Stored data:
>>>

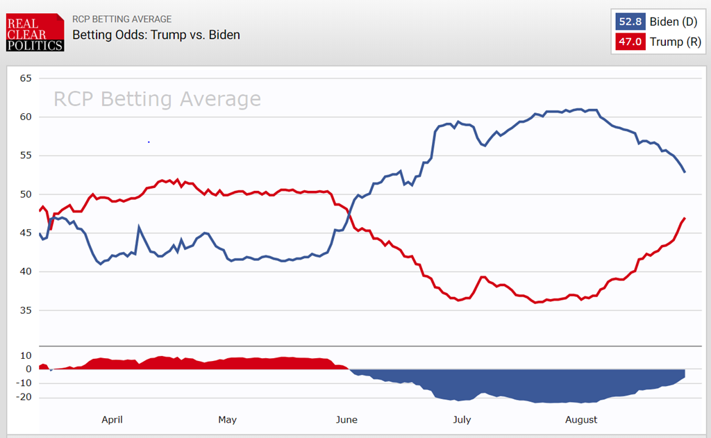 At the end of July, the RCP Betting Odds had Biden up 24 over Trump — 61 to 37.
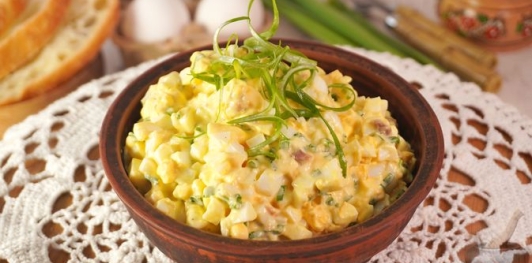 Простая и пикантная закуска из варёных яиц, зелёного лука и анчоусов. Анчоусы придают блюду насыщенный солоноватый вкус, который отлично дополняется нежностью яиц и свежестью зелёного лука. Заправка из майонеза и горчицы делает закуску сочной и выразительной.
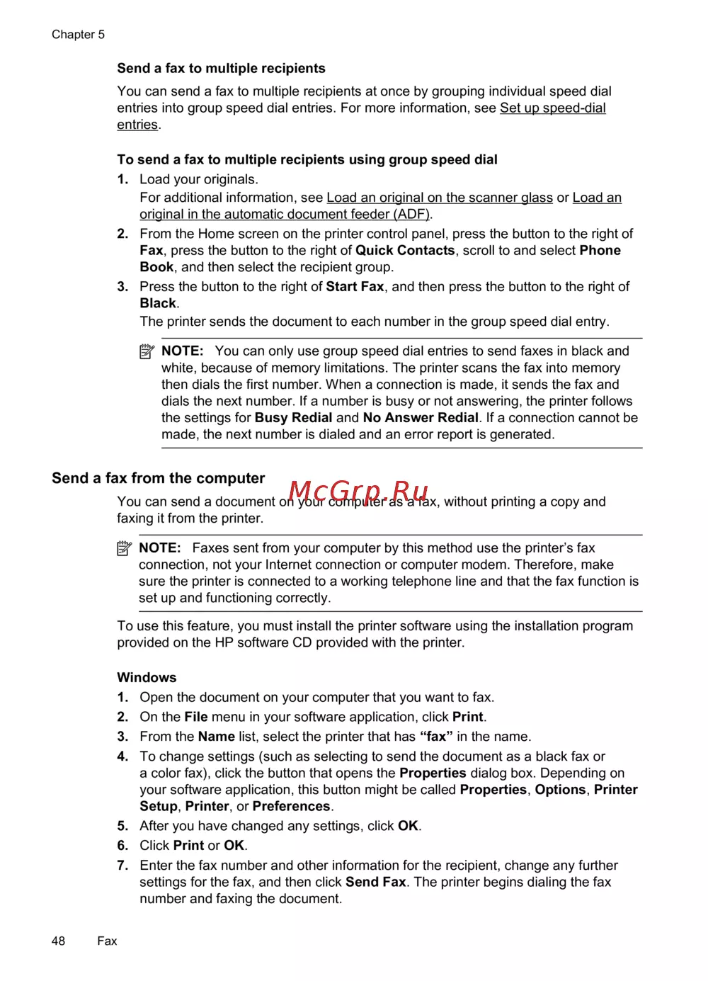 NOTE: Faxes sent from your computer by this method use the printer’s fax
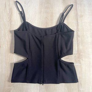 Cropped tank top with side cutouts and zipper in the back. It also has adjustable straps and is made of Ponte jersey fabric.
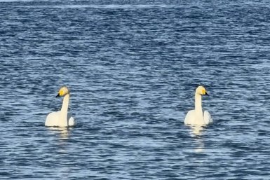Первые белоснежные лебеди прилетели в Невельск
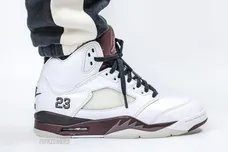 A Ma Maniere is no stranger to elevated storytelling through footwear. Their projects with Jordan have consistently merged premium materials, subdued tones, and powerful narratives. This latest take on the Air Jordan 5 keeps that trend alive, dressing the shoe in a crisp white upper accented by deep violet hits across the midsole, tongue, and liner.
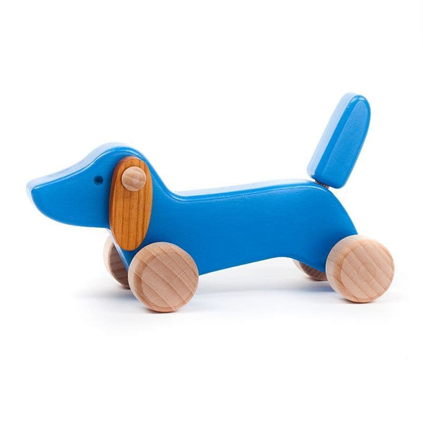 This charming little dachshund is full of personality and perfect for tiny hands. Crafted from smooth wood and just the right size for toddlers, it rolls effortlessly across the floor, ears flapping with every push. Whether it’s leading a make-believe adventure or simply trotting alongside your child, this pup brings joy, movement, and endless smiles. A delightful first companion that’s always ready to play.

<<<

What you should do — Please set down, exactly and with nothing added, the lines from the line with "Cropped tank top" to the end of the entries above, omitting pictures.

Response for this exercise —
 Cropped tank top with side cutouts and zipper in the back. It also has adjustable straps and is made of Ponte jersey fabric.
Первые белоснежные лебеди прилетели в Невельск
 A Ma Maniere is no stranger to elevated storytelling through footwear. Their projects with Jordan have consistently merged premium materials, subdued tones, and powerful narratives. This latest take on the Air Jordan 5 keeps that trend alive, dressing the shoe in a crisp white upper accented by deep violet hits across the midsole, tongue, and liner.
 This charming little dachshund is full of personality and perfect for tiny hands. Crafted from smooth wood and just the right size for toddlers, it rolls effortlessly across the floor, ears flapping with every push. Whether it’s leading a make-believe adventure or simply trotting alongside your child, this pup brings joy, movement, and endless smiles. A delightful first companion that’s always ready to play.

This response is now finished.